ICD lead malfunction
Lead malfunction for RA, RV, and LV leads was defined as a decrease in sensing >50% from baseline or an increase in threshold >50% from baseline. Sensing that decreased by >50% from baseline but subsequently increased to ≥50% of the baseline value was considered improved. A pacing threshold that increased by >50% from baseline was considered improved if it returned to ≤150% of the baseline value. RV pacing lead impedance was considered significantly changed if it increased or decreased by >100 Ω from the baseline value to the final value at the end of LVAD implantation. HV impedance was considered significantly changed if it increased or decreased by >10 ohm (Ω) from the baseline vale to the final value at the end of LVAD implantation. These definitions were used to help determine the mechanism of lead malfunction and were not intended to reflect a change that was necessarily clinically significant.
The intrinsic QRS interval in sinus rhythm was measured using electrocardiography (ECG) before and after LVAD implantation. QRS measurements were made by computer and confirmed manually.

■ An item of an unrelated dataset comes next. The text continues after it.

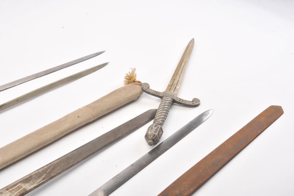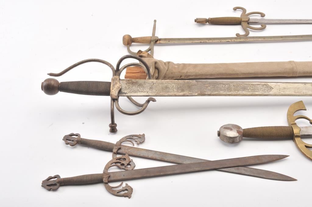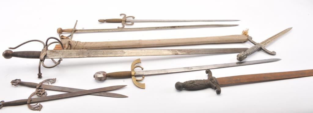 Lot of eight reproduction swords and daggers. The lot includes a reproduction broad sword with basket hilt and leather scabbard. The remainder are without scabbards. All are in fair to good condition with wrapped wirehandles. A nice lot for the re-enactor. Est.: $150-$300.

Chest radiography analysis
An independent radiologist blinded to the clinical and device outcomes of the patients reviewed chest radiographs (CXR) obtained immediately prior to and immediately following LVAD implantation. Lead positions on the CXRs were compared for any change in conformation or gross dislodgement. “Bowing” was defined as a mild upward curvature on the septum, with no acute angulation or evidence of fracture.
Clinically relevant lead malfunction was defined as revision of a lead or turning off of a lead due to noncapture or undersensing. The time to death or orthotopic heart transplantation was recorded in October 2015.
Fisher exact test was used for categorical variables to compare the rates of occurrence between the groups. Student t test was used for continuous variables that were normally distributed. Wilcoxon rank test was used for continuous variables that were not normally distributed. A p value of ≤0.05 was considered significant. Kaplan-Meier curves were created based on survival time to death or cardiac transplantation. Undergoing cardiac transplantation was counted as a censored observation.
Data were collected prospectively in 32 patients who underwent LVAD implantation 50.0 ± 46.8 months after ICD implantation. Of the 32 patients, 22 were male (68.8%), 19 had coronary artery disease (59.3%), 25 had LVAD implantation as destination therapy (78.1%), and mean age was 55.8 ± 13.9 years (Table 1).
Long-term lead outcomes
RV lead sensing
RV leads were tested in 32 patients. RV sensing decreased by more than 50% from baseline in 7 patients (22%) immediately post-LVAD, and RV sensing improved over time in 2 patients (28.6%). RV sensing had improved after 1 week in 1 patient and after 7 weeks in 1 patient (Table 2, Figure 1).
RV lead pacing thresholds
In 2 patients (6.3%), who also had decreased sensing, RV pacing threshold was >50% elevated from baseline immediately post-operatively and was persistently elevated at 1 week (Online Table 1). One RV pacing threshold returned to baseline at 3 month (50%).
RV lead impedances
Average RV pacing impedance was 429.3 ± 46.5 Ω at baseline, 447.6 ± 94.2 Ω at the end of LV implantation (p = 0.59), 418.0 ± 49.5 Ω at 1 week (p = 0.85), and 449.7 ± 85.9 Ω at 3 to 12 months follow-up (p = 0.63). p Values for baseline impedance values are shown for comparison. Average RV HV impedance was 48.9 ± 13.8 Ω at baseline, 41.1 ± 11.2 Ω at the end of LV implantation (p < 0.0001), 38.9 ± 9.2 Ω at 1 week (p < 0.0001), and 44.4 ± 9.6 Ω at 3 to 12 months follow-up (p < 0.0001). None of the 32 leads tested had RV pacing impedances that were out of normal range for the lead before, during, or after LVAD implantation. None of the 32 leads tested had HV impedances that were out of the expected range for the given lead at any point.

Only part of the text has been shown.